## Problem to solve
Below, find the line containing "Obraz premium Waterfall" and the line containing "Его комментарий появился"; reproduce exactly those two and every line between them, omitting pictures.

## Exercise data
==*==

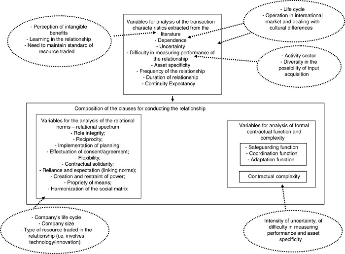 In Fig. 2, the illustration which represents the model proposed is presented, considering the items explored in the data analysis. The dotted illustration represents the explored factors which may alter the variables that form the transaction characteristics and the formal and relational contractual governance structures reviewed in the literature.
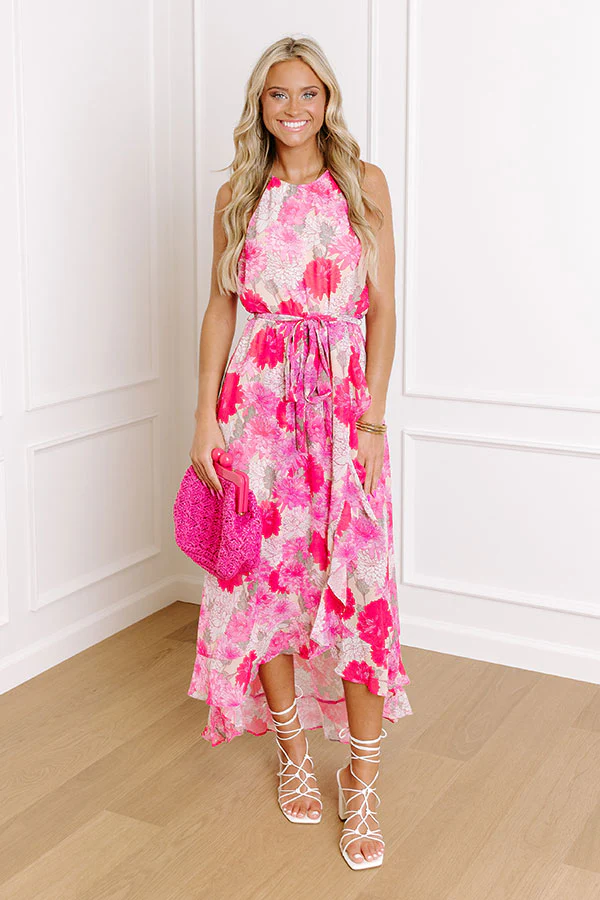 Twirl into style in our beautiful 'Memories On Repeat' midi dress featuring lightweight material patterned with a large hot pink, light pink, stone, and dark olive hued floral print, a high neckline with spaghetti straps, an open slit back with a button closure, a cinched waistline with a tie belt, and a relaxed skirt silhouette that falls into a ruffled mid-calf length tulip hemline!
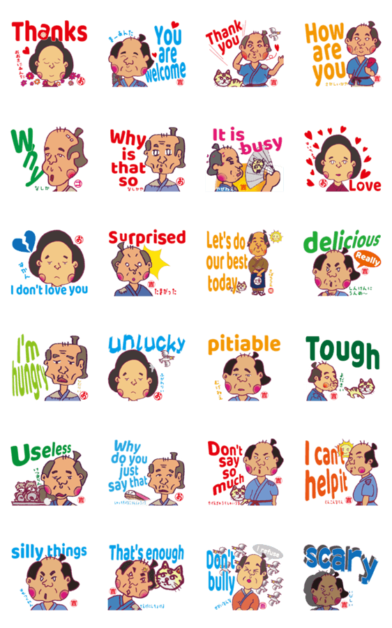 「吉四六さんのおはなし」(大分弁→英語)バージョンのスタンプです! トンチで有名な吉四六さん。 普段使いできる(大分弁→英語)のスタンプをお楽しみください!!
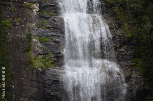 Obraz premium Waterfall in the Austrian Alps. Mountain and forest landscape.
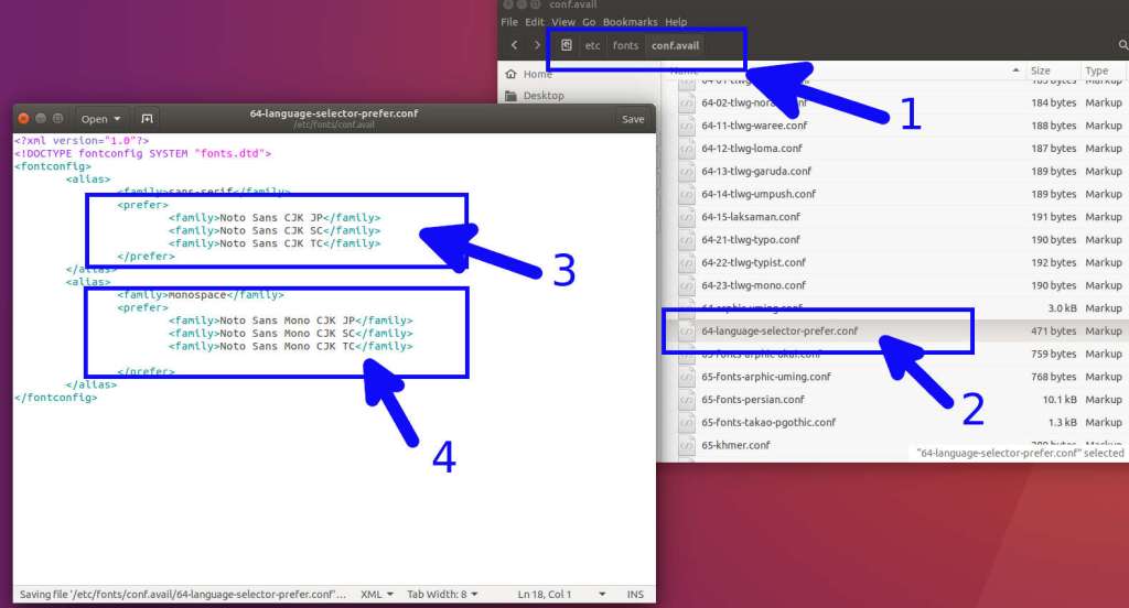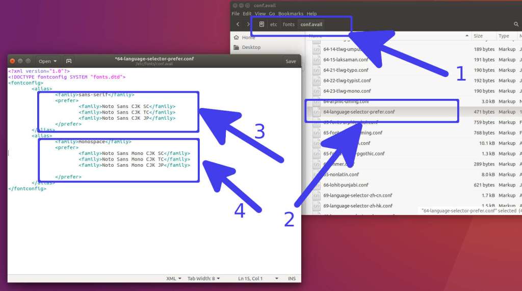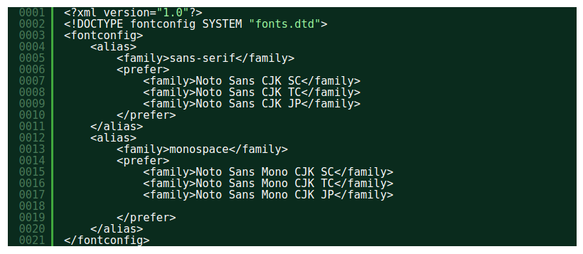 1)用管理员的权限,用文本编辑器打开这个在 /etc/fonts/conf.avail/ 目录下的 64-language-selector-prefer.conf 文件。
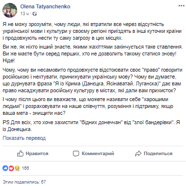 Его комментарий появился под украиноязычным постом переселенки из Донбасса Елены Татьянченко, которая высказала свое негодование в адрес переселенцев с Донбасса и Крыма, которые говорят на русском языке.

==*==

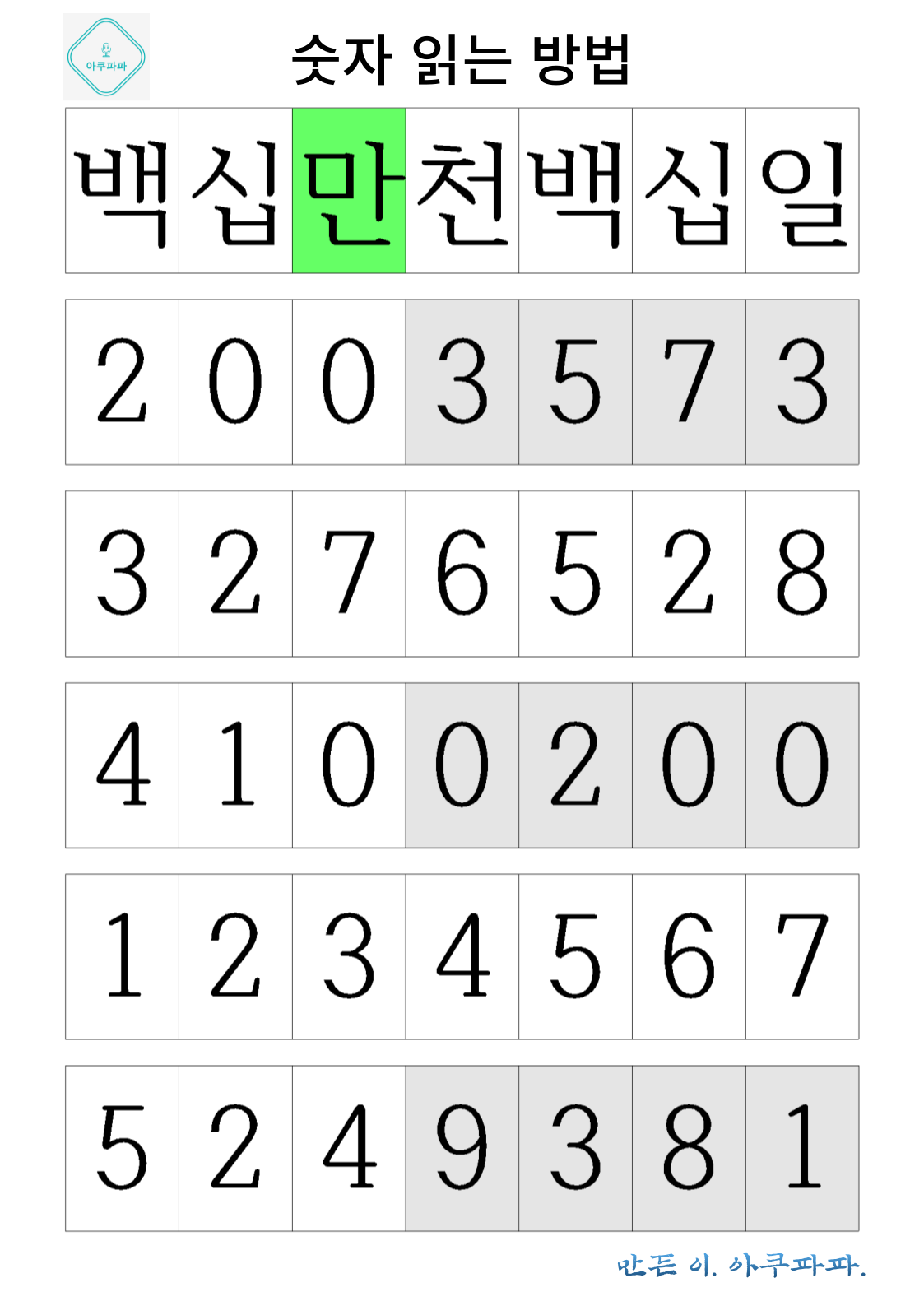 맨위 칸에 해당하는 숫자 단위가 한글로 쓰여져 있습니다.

==*==

## Task solution
 Obraz premium Waterfall in the Austrian Alps. Mountain and forest landscape.
 1)用管理员的权限,用文本编辑器打开这个在 /etc/fonts/conf.avail/ 目录下的 64-language-selector-prefer.conf 文件。
 Его комментарий появился под украиноязычным постом переселенки из Донбасса Елены Татьянченко, которая высказала свое негодование в адрес переселенцев с Донбасса и Крыма, которые говорят на русском языке.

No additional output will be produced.